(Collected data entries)
※

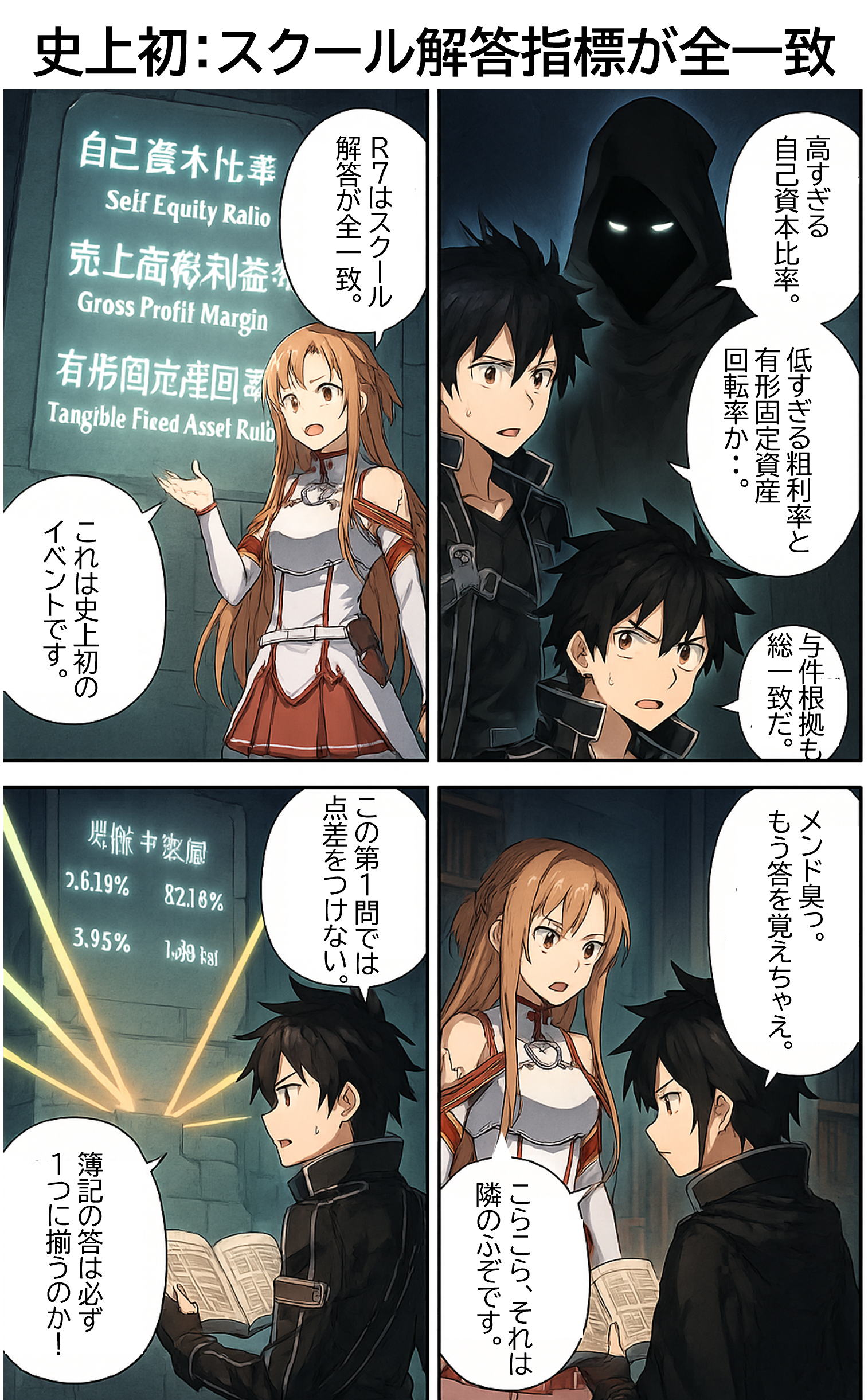 R7経営分析で、スクール全社の解答が3指標で一致したという、史上初の事態が起きた。
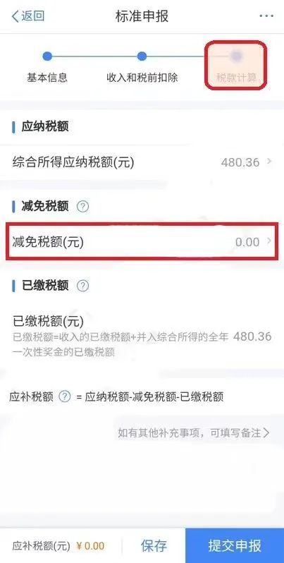 注意:录入的减免税额不能大于申报主表上的综合所得应纳税额。
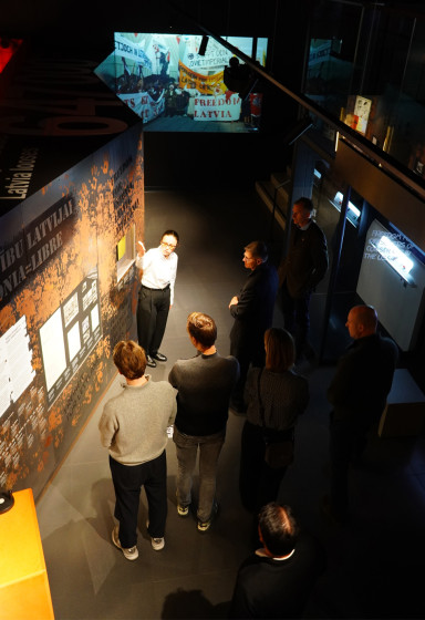 The Museum of the Occupation of Latvia hosted a memorial event on 6 July, in the courtyard of the former KGB building, for the victims of the Communist regime who were killed in 1941, and later reburied, creating Riga’s Forest cemetery “White Crosses”. During the event the latest discoveries were described by KGB crime researcher and museum historian, Inese Dreimane, and there was a performance by the male choir “Vilki”. The travelling exhibition, “Par mums vēl ilgi zeme skums” (for a long time the land will be sad) , created by the Museum of the Occupation of Latvia, was also displayed. The exhibition is dedicated to the 99 victims of Communist Terror who were shot and buried, by the KGB, in Riga Central Prison.
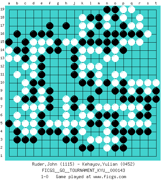 Last move : 1-0 2013 June 6 12:48:58 [Event "FICGS__GO__TOURNAMENT_KYU__000143"] [Site "FICGS"] [Date "2013.02.12"] [Round "1"] [Black "Ruder,John"] [White "Kehayov,Yulian"] [Result "1-0"] [Rating 1 "1115"] [Rating 2 "0452"] 1.q4 c5 2.d16 r15 3.k10 q17 4.d3 d4 5.e4 d5 6.c3 c7 7.d10 o3 8.p3 m3 9.o4 n4 10.o2 n3 11.o5 n5 12.j3 n2 13.p2 q10 14.r8 k16 15.l2 l3 16.k2 n7 17.o9 o11 18.m9 d13 19.f17 m12 20.l7 l6 21.m6 m7 22.l5 k6 23.m5 k5 24.n6 o7 25.o6 p7 26.q8 k7 27.l8 h7 28.f7 e8 29.f8 e9 30.e12 d12 31.e11 d11 32.e10 c10 33.d9 c9 34.d8 e7 35.e5 d6 36.f9 d7 37.c14 e14 38.g14 k14 39.j13 k13 40.j12 q6 41.s6 r5 42.r6 q5 43.s4 s5 44.r4 q7 45.p9 k4 46.h5 h4 47.j4 p5 48.p4 r7 49.s7 s9 50.s8 s10 51.q18 p18 52.p17 r18 53.q16 r17 54.o18 p19 55.m17 k18 56.o19 q19 57.o16 p15 58.p16 n15 59.o15 o14 60.p14 q15 61.n14 o13 62.m15 m14 63.n16 n18 64.m18 n17 65.l16 l17 66.l18 k17 67.k15 j15 68.l15 n13 69.n15 m11 70.j14 h15 71.h17 l14 72.f14 e15 73.f16 f15 74.g15 d15 75.c15 d14 76.c13 c12 77.e16 b13 78.b14 a13 79.b16 a14 80.a15 b11 81.b4 b5 82.c8 b8 83.r16 s16 84.n19 k11 85.j11 k12 86.l10 m10 87.n10 o10 88.p10 p11 89.r9 r10 90.e13 c4 91.b3 j5 92.g4 g5 93.h3 h6 94.j8 h8 95.j7 h4 96.f4 f5 97.e6 h5 98.l11 l12 99.a5 b6 100.t9 t10 101.t8 q9 102.p8 1-0 Here are the names of the openings (joseki) played in the four corners : Corner d4 : c5 d3 Mokuhazushi (Waemok, Wai`mu`) 5-3 Point. The mokuhazushi (5-3) point was popular in the Edo period in Japan (1600 - 1867). It emphasizes influence; territorially, it is inferior to the 3-4 point. Komoku Kakari. Black 2 is the standard approach because of its solidity and stability. Corner q4 : q4 o3 Hoshi (Hwajeom, Seongjeom, Xingwei`) 4-4 Point. The star or hoshi (4-4) point, emphasizing influence at the potential expense of territory. Ikken Kakari (Hankan Keolch'im, Yi Gua`jiao~, 1-Space Low Approach). White 2 is the standard approach move to the 4-4. Corner d16 : d16 d13 Hoshi (Hwajeom, Seongjeom, Xingwei`) 4-4 Point. The star or hoshi (4-4) point, emphasizing influence at the potential expense of territory. Niken Takagakari (Dukan Nop'dakeolch'im, E`r Gaojia, 2-Space High Approach). White 2 is a light approach move. Rarely played in even games, White 2 is typically employed in handicap games. Black continues with 6-4 or 3-10. In Korean Sunjang Baduk Black has a stone on 8-4. Player Black won this Go (weiqi, baduk) game. Follow this game move after move (download)At the head of two stones in a row, play hane. (Anonymous) I've lost money so fast in these clubs it's left me reeling. I've read every poker book ever written, but the only way to get better at the game is to go out and play with people who are really good. The problem is, you stand to lose a lot of money doing it. (Matt Damon)
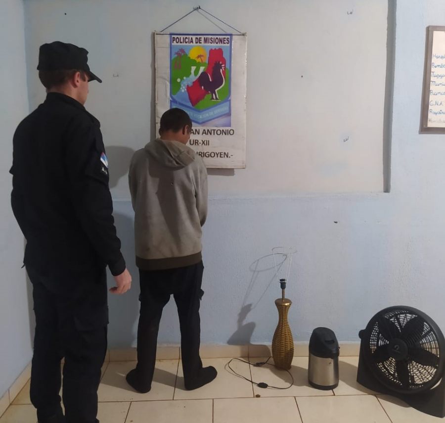 En la localidad de San Antonio, durante un patrullaje por el Barrio Cerámica, agentes observaron a tres hombres que intentaron escapar al notar la presencia policial. Al ser interceptados, se constató que transportaban una bomba de agua y un transformador, qie habían sustraido momentos antes a un vecino de la zona. Los sospechosos, de 21 y 33 años, fueron demorados preventivamente.
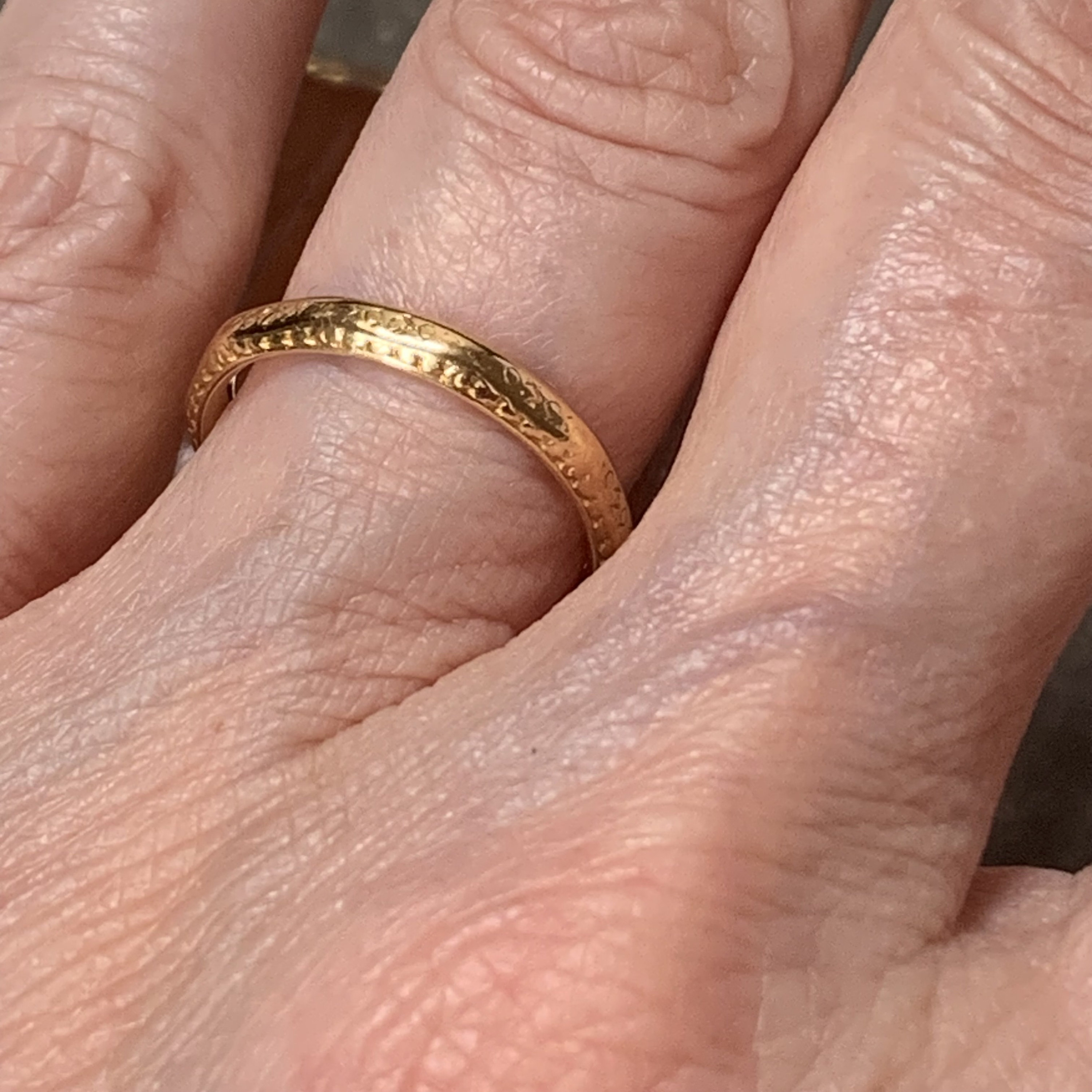 This preowned 22ct gold wedding band is a beautiful and rare piece, offering a perfect blend of historical significance, cultural value, and timeless elegance.
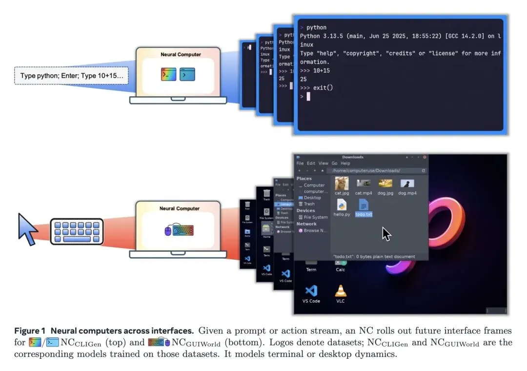 主旨: 本文探讨了是否能用单一的神经网络权重集来充当一台“计算机”。文章提出了“神经计算机(NC)”的概念,旨在通过一个学习到的潜在运行时状态(Latent runtime state)将计算、内存和I/O整合在一起,让大模型本身成为一台可以直接运行指令并输出界面视频的计算机,从而区别于依赖外部软件堆栈的传统计算机或AI Agent。
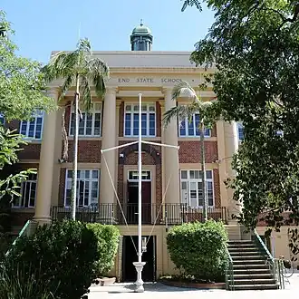 The Depression-era brick school building at West End State School (now called the Main Admin Building) was completed in 1936 and occupied on 30 June of that year by the amalgamated West End Girls and Boys Schools.[58][59][60][61] The building was officially opened on 28 November 1936 by the Minister for Public Instruction, Frank Cooper.[62] The Telegraph newspaper reported the Depression-era brick school building had cost £20,410.[63][1]

※

■ Prompt
Reproduce every entry word for word, but skip any pictures.

■ Your solution
 R7経営分析で、スクール全社の解答が3指標で一致したという、史上初の事態が起きた。
 注意:录入的减免税额不能大于申报主表上的综合所得应纳税额。
 The Museum of the Occupation of Latvia hosted a memorial event on 6 July, in the courtyard of the former KGB building, for the victims of the Communist regime who were killed in 1941, and later reburied, creating Riga’s Forest cemetery “White Crosses”. During the event the latest discoveries were described by KGB crime researcher and museum historian, Inese Dreimane, and there was a performance by the male choir “Vilki”. The travelling exhibition, “Par mums vēl ilgi zeme skums” (for a long time the land will be sad) , created by the Museum of the Occupation of Latvia, was also displayed. The exhibition is dedicated to the 99 victims of Communist Terror who were shot and buried, by the KGB, in Riga Central Prison.
 Last move : 1-0 2013 June 6 12:48:58 [Event "FICGS__GO__TOURNAMENT_KYU__000143"] [Site "FICGS"] [Date "2013.02.12"] [Round "1"] [Black "Ruder,John"] [White "Kehayov,Yulian"] [Result "1-0"] [Rating 1 "1115"] [Rating 2 "0452"] 1.q4 c5 2.d16 r15 3.k10 q17 4.d3 d4 5.e4 d5 6.c3 c7 7.d10 o3 8.p3 m3 9.o4 n4 10.o2 n3 11.o5 n5 12.j3 n2 13.p2 q10 14.r8 k16 15.l2 l3 16.k2 n7 17.o9 o11 18.m9 d13 19.f17 m12 20.l7 l6 21.m6 m7 22.l5 k6 23.m5 k5 24.n6 o7 25.o6 p7 26.q8 k7 27.l8 h7 28.f7 e8 29.f8 e9 30.e12 d12 31.e11 d11 32.e10 c10 33.d9 c9 34.d8 e7 35.e5 d6 36.f9 d7 37.c14 e14 38.g14 k14 39.j13 k13 40.j12 q6 41.s6 r5 42.r6 q5 43.s4 s5 44.r4 q7 45.p9 k4 46.h5 h4 47.j4 p5 48.p4 r7 49.s7 s9 50.s8 s10 51.q18 p18 52.p17 r18 53.q16 r17 54.o18 p19 55.m17 k18 56.o19 q19 57.o16 p15 58.p16 n15 59.o15 o14 60.p14 q15 61.n14 o13 62.m15 m14 63.n16 n18 64.m18 n17 65.l16 l17 66.l18 k17 67.k15 j15 68.l15 n13 69.n15 m11 70.j14 h15 71.h17 l14 72.f14 e15 73.f16 f15 74.g15 d15 75.c15 d14 76.c13 c12 77.e16 b13 78.b14 a13 79.b16 a14 80.a15 b11 81.b4 b5 82.c8 b8 83.r16 s16 84.n19 k11 85.j11 k12 86.l10 m10 87.n10 o10 88.p10 p11 89.r9 r10 90.e13 c4 91.b3 j5 92.g4 g5 93.h3 h6 94.j8 h8 95.j7 h4 96.f4 f5 97.e6 h5 98.l11 l12 99.a5 b6 100.t9 t10 101.t8 q9 102.p8 1-0 Here are the names of the openings (joseki) played in the four corners : Corner d4 : c5 d3 Mokuhazushi (Waemok, Wai`mu`) 5-3 Point. The mokuhazushi (5-3) point was popular in the Edo period in Japan (1600 - 1867). It emphasizes influence; territorially, it is inferior to the 3-4 point. Komoku Kakari. Black 2 is the standard approach because of its solidity and stability. Corner q4 : q4 o3 Hoshi (Hwajeom, Seongjeom, Xingwei`) 4-4 Point. The star or hoshi (4-4) point, emphasizing influence at the potential expense of territory. Ikken Kakari (Hankan Keolch'im, Yi Gua`jiao~, 1-Space Low Approach). White 2 is the standard approach move to the 4-4. Corner d16 : d16 d13 Hoshi (Hwajeom, Seongjeom, Xingwei`) 4-4 Point. The star or hoshi (4-4) point, emphasizing influence at the potential expense of territory. Niken Takagakari (Dukan Nop'dakeolch'im, E`r Gaojia, 2-Space High Approach). White 2 is a light approach move. Rarely played in even games, White 2 is typically employed in handicap games. Black continues with 6-4 or 3-10. In Korean Sunjang Baduk Black has a stone on 8-4. Player Black won this Go (weiqi, baduk) game. Follow this game move after move (download)At the head of two stones in a row, play hane. (Anonymous) I've lost money so fast in these clubs it's left me reeling. I've read every poker book ever written, but the only way to get better at the game is to go out and play with people who are really good. The problem is, you stand to lose a lot of money doing it. (Matt Damon)
 En la localidad de San Antonio, durante un patrullaje por el Barrio Cerámica, agentes observaron a tres hombres que intentaron escapar al notar la presencia policial. Al ser interceptados, se constató que transportaban una bomba de agua y un transformador, qie habían sustraido momentos antes a un vecino de la zona. Los sospechosos, de 21 y 33 años, fueron demorados preventivamente.
 This preowned 22ct gold wedding band is a beautiful and rare piece, offering a perfect blend of historical significance, cultural value, and timeless elegance.
 主旨: 本文探讨了是否能用单一的神经网络权重集来充当一台“计算机”。文章提出了“神经计算机(NC)”的概念,旨在通过一个学习到的潜在运行时状态(Latent runtime state)将计算、内存和I/O整合在一起,让大模型本身成为一台可以直接运行指令并输出界面视频的计算机,从而区别于依赖外部软件堆栈的传统计算机或AI Agent。
 The Depression-era brick school building at West End State School (now called the Main Admin Building) was completed in 1936 and occupied on 30 June of that year by the amalgamated West End Girls and Boys Schools.[58][59][60][61] The building was officially opened on 28 November 1936 by the Minister for Public Instruction, Frank Cooper.[62] The Telegraph newspaper reported the Depression-era brick school building had cost £20,410.[63][1]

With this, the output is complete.